I’ve lost count of how many people in tech (and marketing, natch) who say that algogen text is just as good as that written by people. They genuinely don’t see the limited vocabulary, word repetition, incoherence, and simplistic use of sentence structure. They only aspire to perfect, non-threatening mediocrity and algogen text delivers that. They don’t care the role writing has in forming your own thoughts and creativity. They don’t care about how writing improves memory and recall. They don’t value the role of creativity in the text itself.
For them, it’s all about the idea.
That algogen fans are predominantly idea people—the lot who think that 99% of the value delivered by any given form of media comes from the idea—isn’t a new observation, but it’s apt. If you don’t think the form or structure of the medium delivers any value, then it has to be a uniform commodity that can, and should, be generated algorithmically to save people from the tedious work of pointless creation.

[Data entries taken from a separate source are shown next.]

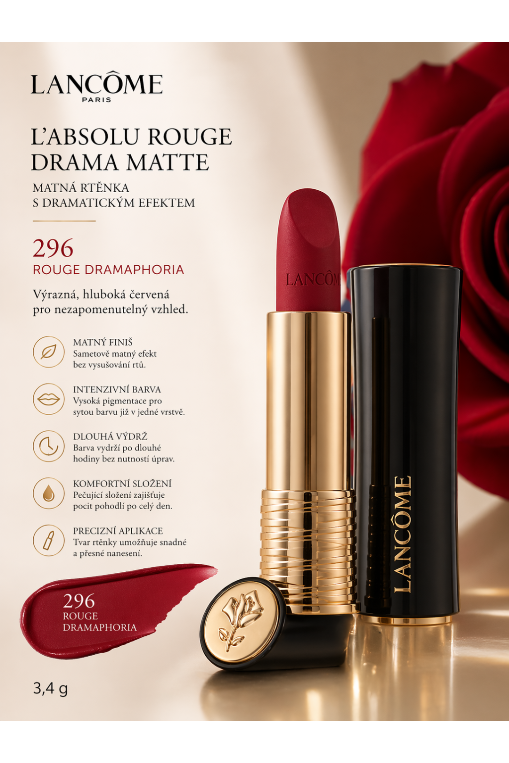 Lancôme L’Absolu Rouge Drama Matte – odstín 296 Rouge Dramaphoria 3,4g
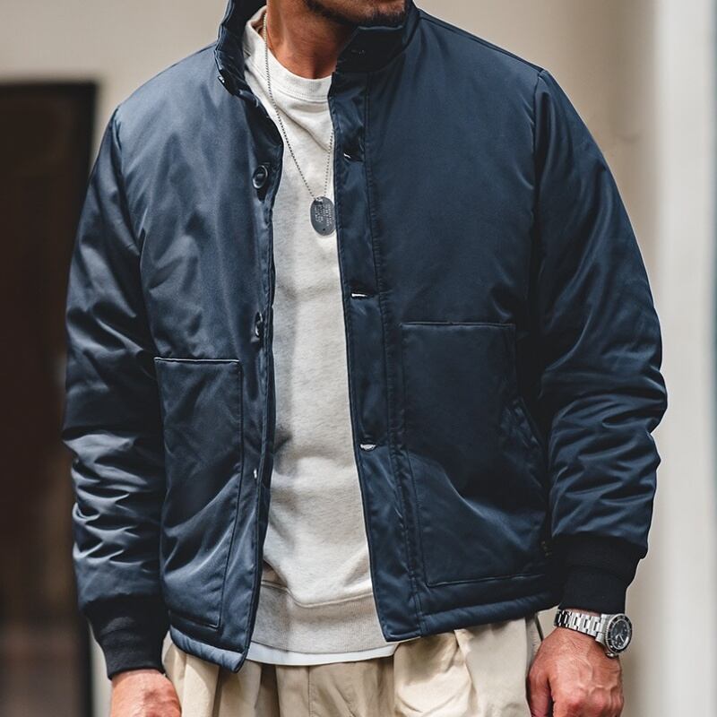 機能性とデザイン性を兼ね備えた中綿ボンバージャケットです。
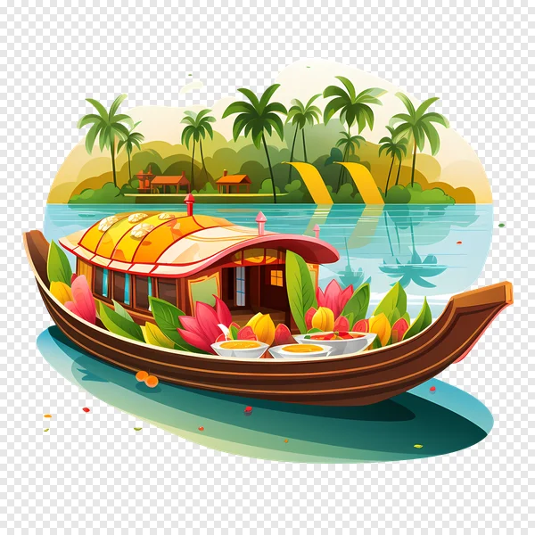 Download this beautiful Kerala houseboat PNG image for free! Featuring a vibrant illustration of a traditional Kettuvallam boat gliding through serene backwaters, lush palm trees, and charming village houses. Perfect for travel blogs, website backgrounds, presentations, or any project needing a touch of tropical paradise. High-resolution and transparent background for easy integration. Get your free download now!
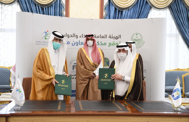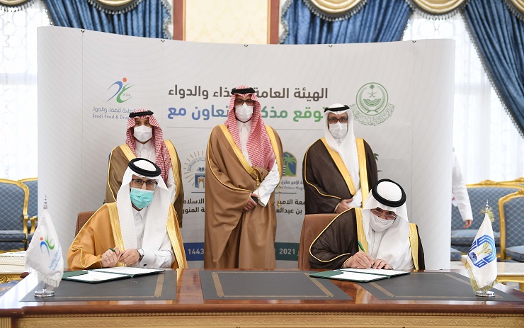 شهد صاحب السمو الملكي الأمير سعود بن خالد الفيصل نائب أمير منطقة المدينة المنورة، مراسم توقيع ثلاثة مذكرات تعاون بين الهيئة العامة للغذاء والدواء، مع جامعة الأمير مقرن، وجامعة طيبة، والجامعة الإسلامية.

Algogen is a great mashup word.
See also: AIs can write for us but will we actually want them to? by Bryan Braun
That made me think about my own writing. If I had to break down my current writing activity (not counting code), it would look something like this:
10% – Journaling
10% – Blog posts
20% – Texting and Personal Emails
10% – Meeting notes / todos
35% – Programming notes (usually to help me work through tricky coding issues)
15% – Book notes
Could I hand any of these over to AI?